In case you didn’t know what it means when a woman is holding a piece of cake, LOVE STORY will give you the answer! A truly original self-referential documentary/
romantic comedy based on a collaboration with complete strangers on the streets of New York, the film has been a hit with audiences and critics alike around the world. More than a love story, the film is a joyous ode to the Big Apple and its vividly engaging and delightfully eccentric inhabitants.

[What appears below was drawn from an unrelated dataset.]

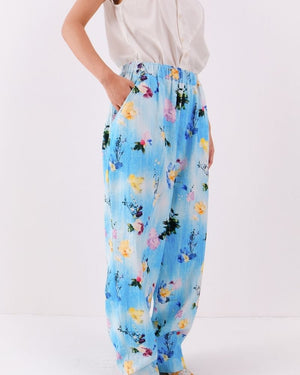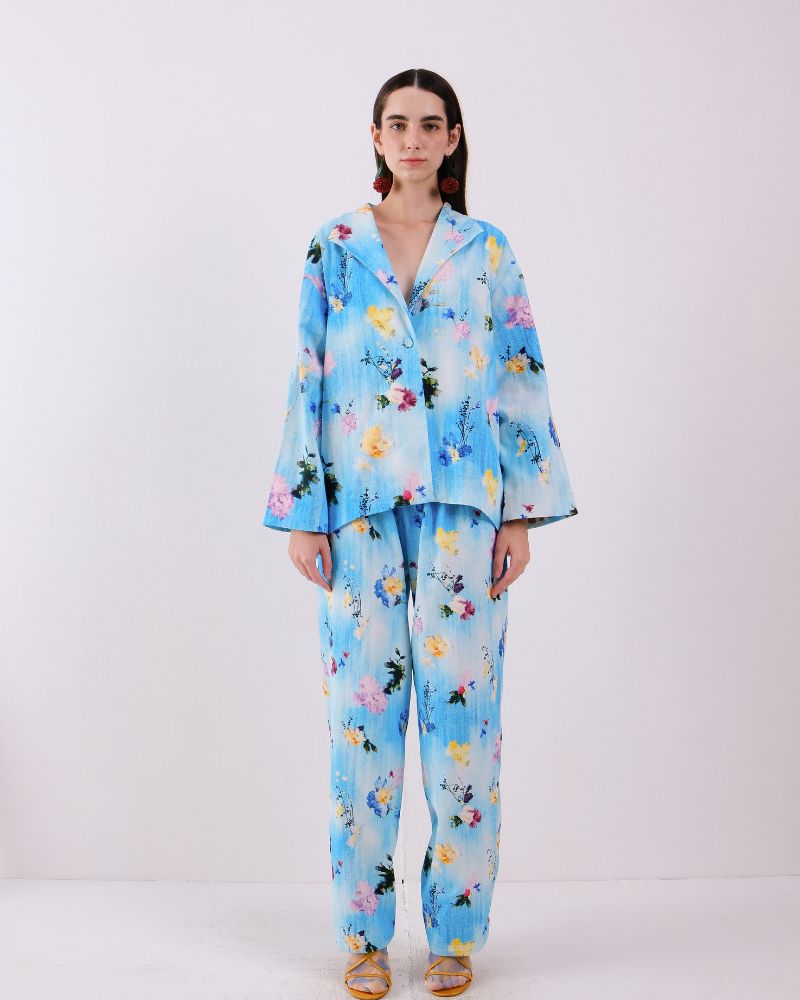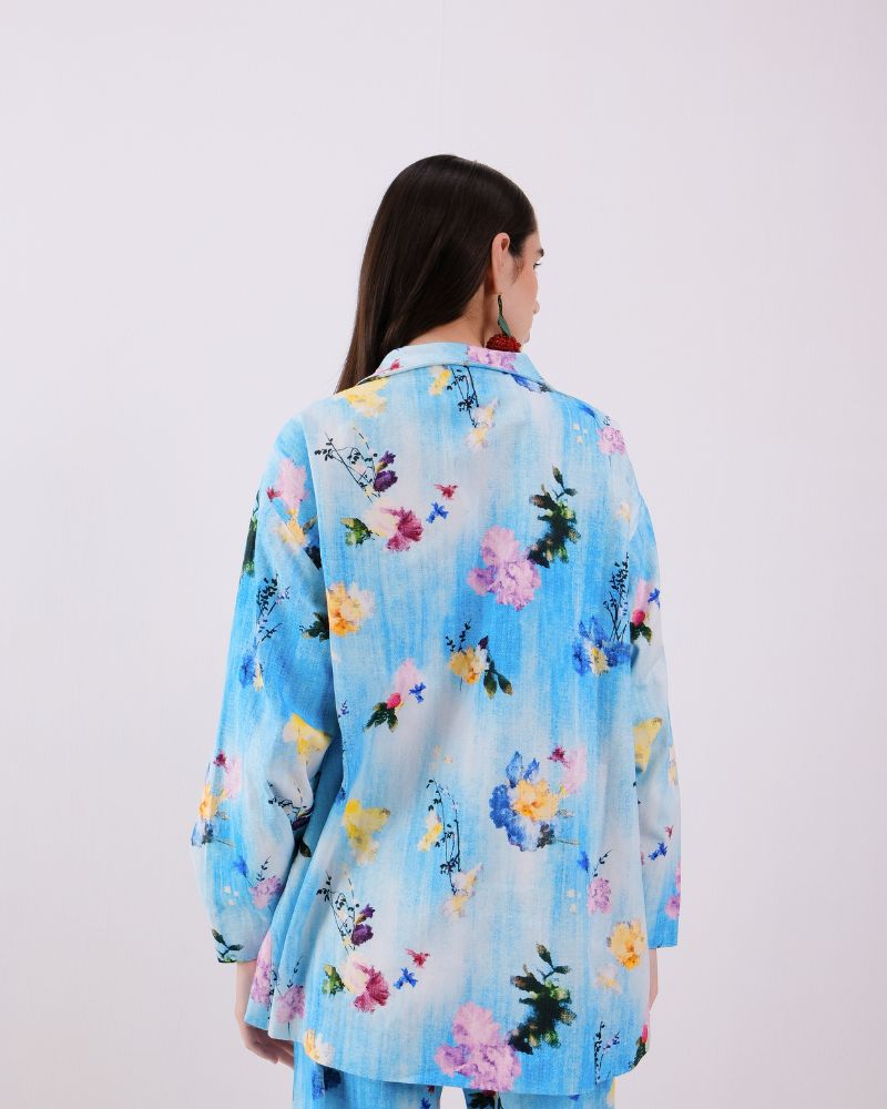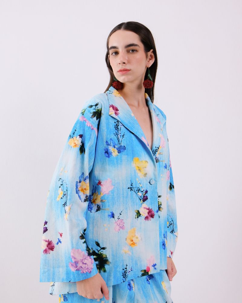 Bouquet story Jacket with block printed lining and in seam pockets in Denim.

Inciting factor: In late 2009, Auckland Arts Foundation offers Berlin-born Kiwi filmmaker Florian Habicht the Harriet Friedlander New York Residency Award worth $80,000. Florian is already an established filmmaker at home, being responsible for some of this decade’s most original New Zealand films. His début feature Woodenhead (2003), a Grimm inspired musical fairytale, quickly became a cult hit being renowned for the innovation of recording the entire soundtrack before shooting the visuals. This was followed by the iconic documentary Kaikohe Demolition (2004) which won best digital feature at the New Zealand Screen Awards; Rubbings From a Live Man (2008), a hybrid documentary  performed by and based on the life of performance artist Warwick Broadhead;Land of the Long White Cloud (2009), a documentary about a five-day fishing competition held on 90 Mile Beach in the North of New Zealand…Once in New York, Florian is under no obligation to do a lot of work but for him, making a film is a total adventure and great fun so why not…

Main Ingredients:a double dose of contagious feel-good factor mixed with despair that money is running out and the NYC residency is coming to an end; a psychic reading that tells you NOT to go in front of a camera overridden by the compulsion to do the opposite; feeling inspired by a mysterious girl carrying cake met on the subway;seemingly absurd idea to shoot a film without a narrative, without actors,without casting anyone, without the slightest idea of what might happen next; seemingly crazy idea to track the girl down and persuade her to play in your film; but what film??!; start asking for love advice from complete strangers you meet on the street, and also from your dad via Skype, then act it out with Masha, the lovely cake-carrying girl; surrender directorial control to your audience and rely on them to drive the plot forward; inject humour, a lot of humour and blur all boundaries, between fact and fiction, between art and real life, between being and acting, between love and the illusion of love; add jazzy and clichéd  romantic score from Nino Rota and Ennio Morricone that mocks traditional romantic film conventions to perfect the confusion. End result: a truly original and beautiful love story, but no story as you know it!

Watch the trailer here:

Love Story screened at the 2012 LONDON FILM FESTIVAL on the 11, 12 and 14 October. The following interview with Florian was taken at Filmmakers Afternoon Tea, Mayfair Hotel, London, 12 October 2012

Dana:”Please tell me a little bit about the creative process that went into making a film like this”.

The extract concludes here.